We begin with the variable “elem.” This global variable is the element of the table that we want to alter, specifically, the table row. You can change its value to “TD” to affect each cell of the table individually (although the alternation pattern for the background of each tends to get a little mixed up at that point, because they don’t line up horizontally as they would in a table row). Next, we call the “onload” event handler to run a function. In other words, we’re telling JavaScript “run this code when the document loads.” This way, we can put our code in the HEAD tags – or even in an external JavaScript file – and the table rows will be affected after the document loads. Since the document will always finish loading before the code is executed, no tables will be “left behind” or “forgotten.” The first thing that happens after the document loads is an if statement. If “document.getElementsByTagName” returns a null value, it means that the browser is too old to understand our code. To avoid unnecessary errors, no code will be executed for browsers that don’t understand the “getElementsByTagName” method.

Now that we know we can use the “getElementsByTagName” method, we can run the part of the code that actually does what we want, create alternate colors. We begin by setting the variable “el” to equal the group of elements that “elem” refers to. In other words, “el” becomes an array of all the “TR” elements. After that, we use a for loop to iterate through all the table rows.

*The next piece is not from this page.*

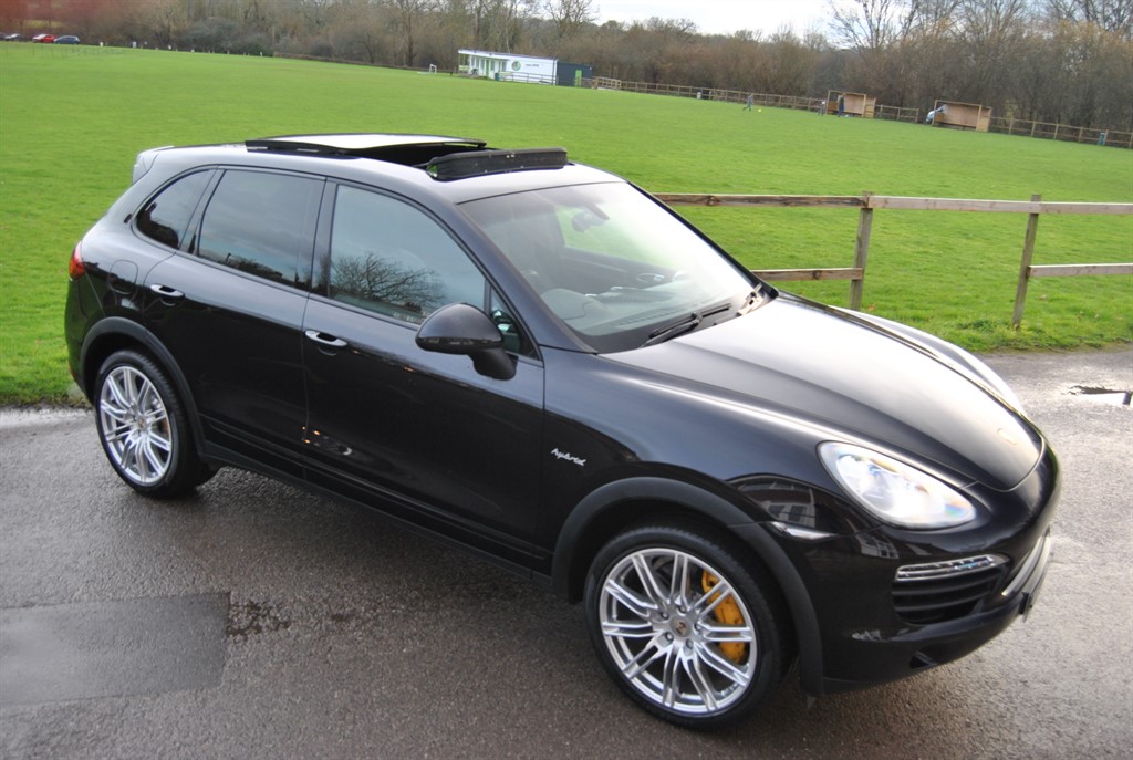 Horsham1 Previous Owner, Stunning huge specification 2011 Model Porsche Cayenne 3.0h V6 S Hybrid finished in Black With Black Ventilated Sport Seats. Only 38.000 miles with FSH. 21 Inch Sport Edition Alloys 8 Speed automatic Power tailgate Air Conditioned Seats GTS Sport Seats Front and Rear Aluminium Package TV Reception Multimedia Socket Air Suspension with Level System (PASM) 19 inch spare wheel Yellow Brake Callipers Porsche Ceramic Brakes (PCCB) Memory Steering Wheel 3 Spoke steering Wheel Panoramic Glass Sunroof Luggage Floor Alcantara Roof Lining Leather Pillars 12 Way Electric Seats Ski Load Heated Front and Rear Seats Air Conditioned Seats Power Tailgate Top Tint Screen with Insulating Glass Darkened Rear Glass Leather Dashboard Piano Dash Inlays Dual Function Illuminated Sun visors Reverse Camera Electric Memory Seats Cruise Control Telephone Module Bose High End Sound system James Paul Car Sales is a family run business in a small village of Bucks Green conveniently situated on the Surrey and Sussex border. Established for over 35 years every car we offer is carefully hand selected and will come with a comprehensive provenance check. All of our vehicles are subject to a thorough pre delivery inspection through our workshops including a fresh MOT and service where required. Please ask us about our extremely competitive finance packages or Visit our website www.jamespaul.co.uk to create your own Finance Quote and Apply to help you fund your new car. Part exchanges welcome either way if you are looking to trade up or down. Please note that we do not accept reservations on cars via third party sites, if you wish to put a deposit on a car, please call 01403 823723 and speak to a member of the James Paul Car Sales team.. 18in Cayenne Alloy Wheels,18in Cayenne S III Alloy Wheels,8Way Electric adjust Front Seats,All season Tyres,Black gear lever & selector surround & off road Controls,Black high gloss Trim,Black lower body mouldings- Front&Rear,CDR- 31 Radio & CD & MP3 player with 10 Speakers,Cruise Control,Floor mats,Illuminated Ashtray,Leather Steering Wheel & gearshift,Manual Headlight level Control,Model designation deletion,No model inscription,No smoker Package,Passenger under Seat storage tray,Rear tailgate spoiler,Tyre Air compressor,Tyre Repair kit with sealant foam

Since we don’t want to affect the table headings (TH tags), or tables that do not have the “tbl” class name, we run another if statement in our for loop. This ensures that (1) the cells inside the current row are not table headings, and (2) the table does in fact have the “tbl” class name. Also, notice how the indexOf method was used rather than the “==” operator; this is because a table can have multiple classes, delimited by a whitespace. For example, you could add the class “firstTable” to any specific table you want, and also include the second class “tbl” like so, <table class=”tbl firstTable”>. The table now has two classes, “tbl” and “firstTable.” This means that you can format different tables with the same JavaScript.

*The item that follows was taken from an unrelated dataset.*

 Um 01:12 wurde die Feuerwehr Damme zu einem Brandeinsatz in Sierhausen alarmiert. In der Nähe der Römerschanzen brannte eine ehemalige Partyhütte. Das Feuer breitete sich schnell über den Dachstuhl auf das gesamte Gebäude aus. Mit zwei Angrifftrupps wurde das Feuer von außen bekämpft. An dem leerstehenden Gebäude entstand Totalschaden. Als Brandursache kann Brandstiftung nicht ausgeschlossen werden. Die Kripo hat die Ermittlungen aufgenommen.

Once we’re sure that the current row is acceptable to affect, we run yet another if statement – an extremely important one. We divide the value of “i” (which represents the nth row that we are currently on) by two and get its remainder. The remainder will always yield one of two numbers: 0 or 1. This way, we will tell if “i” is odd or even. In the event that it is odd (1), we update the class name of the current row to equal “on.” If it is even (0), however, we update the current row to have a class name of “off.” This way, each row’s styling information will alternate from one class to another.

Adding Complexity

You’ve just learned how to alternate styles on table rows with JavaScript. That’s great, but there’s so much more that you can do. In the opening of this article, I mentioned alternating abilities and one other thing – event handlers. There is more alternation code to be written, but this time in direct relation to an event.

What is an event-handler? The dictionary briefly defines the word “event” as “an occurrence.” A handler, as suggested by the name, “handles.” Putting the definitions together, an event-handler is basically “the code that is triggered when the user does something.” A few examples are: onclick, ondoubleclick, onmouseover, onmouseout.

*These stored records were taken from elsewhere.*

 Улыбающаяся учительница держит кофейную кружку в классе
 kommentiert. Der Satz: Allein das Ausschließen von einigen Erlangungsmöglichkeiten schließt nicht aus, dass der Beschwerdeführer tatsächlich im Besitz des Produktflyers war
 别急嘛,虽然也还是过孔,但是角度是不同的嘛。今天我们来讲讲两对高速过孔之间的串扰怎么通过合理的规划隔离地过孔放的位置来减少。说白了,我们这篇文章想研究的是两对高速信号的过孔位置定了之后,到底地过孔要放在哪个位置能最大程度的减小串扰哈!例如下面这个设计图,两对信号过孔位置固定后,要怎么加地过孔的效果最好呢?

So how can we use event-handlers to our advantage? We want to apply a “mouse over” event to every table cell, causing a highlight effect on whichever row we point to. Here’s our new code:

  <script type="text/javascript"><!--
    var elem = "TR";

window.onload = function(){
  if(document.getElementsByTagName){
    var el = document.getElementsByTagName(elem);
      for(var i=0; i<el.length; i++){
        if(el[i].childNodes[0].tagName != "TH"
        && el[i].parentNode.parentNode.className.indexOf("tbl") != -1){
     if(i%2 == 1){
        el[i].className = "on";
       el[i].onmouseout = function(){
                this.className = "on";
       }
    } else {
       el[i].className = "off";
       el[i].onmouseout = function(){
                this.className = "off";
       }
    }
       el[i].onmouseover = function(){
                this.className = "hover";
       }
      }
     }
  }
}
   //--></script>

See the following example.

Earlier, I mentioned the “onmouseover” and “onmouseout” event-handlers; here we see them in action. When writing JavaScript, you can set a property to a function, as in “onmouseout = function(){ … }.” In the same way, you can set a variable to a function. The most common way to do this is to use:

function myFunction(params) {
  // … code
}

“myFunction” is simply a variable that contains executable code and an object data type. We could write the same code as above like this:

var myFunction = function(){
  // … code
}

Since the “onmouseout” attribute is an event-handler and is triggered at a specific time (when the user moves his mouse out of focus of the object), the function we write will also be triggered at that time. This means that we can write many lines of code to trigger “onmouseout” and attach that code to a specific element without ever having to set the “onmouseout” attribute!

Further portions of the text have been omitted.